In this case, peak stress is experienced during first contact with the skin and is approximately 4 MPa. As estimated in Fig. 7, the failure strength of the needle is 2.9 GPa, giving a safety margin of over 700. This is substantially higher than the safety margins reported for most designs, which are in the region of 1–20 (Davis et al. 2004; Khanna et al. 2010; Sullivan et al. 2010).

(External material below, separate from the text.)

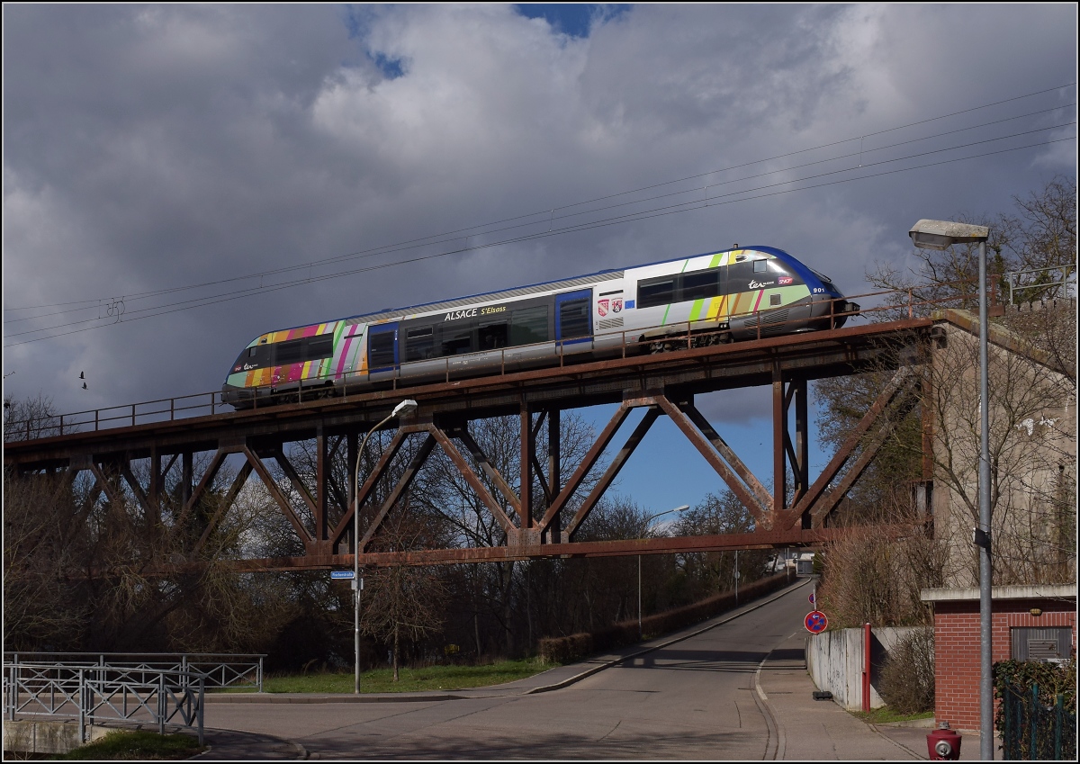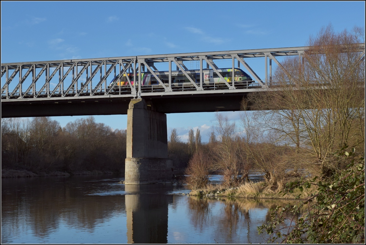 Bahn im Markgräfler Land. Die Rheinbrücke von Neuenburg mit Triebwagen beim Grenzübertritt. Zwar kaum sichtbar aber für das Protokoll, es ist X 72901. Olli
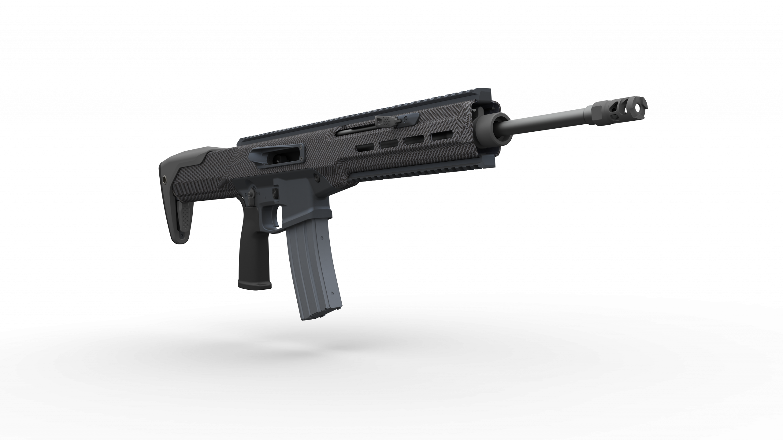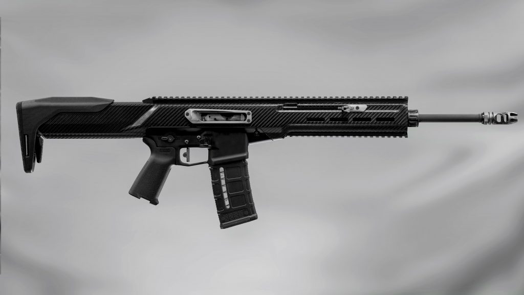 A carbon fiber and Aluminum Rifle with Monolithic Upper Receiver.

The second failure mode considered in this work is that of shear failure, and an analysis of lateral forces acting on single microneedles reveals that needle tip sections of ~50 μm will shear off at relatively low forces of 0.1 N per needle. It is important to note that these lateral forces will arise only when arrays are misused through scraping along the skin or insertion in an inappropriate manner, and will furthermore be distributed among all needles on the array, thereby reducing the likelihood of failure. Secondly, should failure occur, the elastic nature of the skin and the force exerted by the skin on the sloped sidewalls of the needle results in an upward component of force that will push these conical particles upwards and out of the skin. In addition, the epidermal skin layers are renewed in such a manner that the outer skin cells are pushed upwards and shed from the body every 2–3 weeks (Cowen et al. 2001), which assists in ejecting foreign particles from the skin. Finally, the shear issue may well be irrelevant as microneedle arrays are likely to be used using applicator devices (Singh et al. 2011), which apply needles in a direction that is normal to the skin surface and which will eliminate shear forces that arise from incorrect application.

6 Conclusion

This paper has analysed the failure mechanisms and in-vivo reliability of wet-etched, ultrasharp silicon microneedles. It has been shown that the primary failure mode of these microneedles is by brittle fracture along the relatively weak {111} silicon plane, whether compressive or lateral forces are applied. No single point of failure is identified under compressive forces, and instead experiments show that the degree of failure is a continuous function of applied force.

Microneedles are commonly characterised by pressing the structure against a rigid surface such that a load is applied to the vertical axis of the needle. Although such compressive tests are reasonably accurate for needles with relatively flat or blunt tips and/or constant columnar cross-sectional area, they are inappropriate for characterisation of needles of this type, where the very low interfacial area of the ultrasharp tips mean that extremely high pressures are exerted on the tips and the brittle nature of silicon means that corresponding fractures are easily attained during the test procedure.

In response to these limitations, this paper has developed a new model that takes into account the fact that tissue tends to conform to the shape of the microneedle tip, and that the conical nature of these structures causes the microneedle-skin interfacial area to increase as skin insertion takes place. Both conditions lead to a rapid decrease in compressive stress acting on the needle-skin interfacial area as the microneedle penetrates into the skin, and in addition this stress suddenly and significantly drops further as the base of the array contacts the skin. Hence, the possibility of microneedle failure actually decreases as skin insertion progresses. This means that reliability of these microneedles, when used in practical applications, is significantly higher than predicted using standard compression tests. In fact, repeated insertion and wear tests using human subjects has failed to result in damage to microneedles arrays, and this agrees with our experience when using silicon microneedles for a wide range of in-vivo tests over a significant timespan.

Based on this model, a new and more realistic figure-of-merit for the reliability of such microneedles has also been proposed, which utilizes the ratio of material failure strength to peak stress during skin insertion. The distribution of forces over the needle tip during skin penetration leads to a very large safety margin of over 700, and a correspondingly high degree of reliability when applied to in-vivo human tissue.

The results confirm the safety and reliability of silicon microneedles for use in biomedical applications.